| Problem to work on |
Among the entries below, extract exactly the lines that run from the one with "Set with marquise-cut" through the one with "Men’s Double-Breasted Knit", both ends included.

| Records |

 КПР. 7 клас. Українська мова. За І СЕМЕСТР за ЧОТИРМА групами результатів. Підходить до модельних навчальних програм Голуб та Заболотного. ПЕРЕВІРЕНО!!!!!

* * *

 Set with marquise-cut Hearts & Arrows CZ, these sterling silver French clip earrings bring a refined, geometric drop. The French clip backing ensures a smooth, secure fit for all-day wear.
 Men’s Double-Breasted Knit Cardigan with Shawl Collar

| Output |
 Set with marquise-cut Hearts & Arrows CZ, these sterling silver French clip earrings bring a refined, geometric drop. The French clip backing ensures a smooth, secure fit for all-day wear.
 Men’s Double-Breasted Knit Cardigan with Shawl Collar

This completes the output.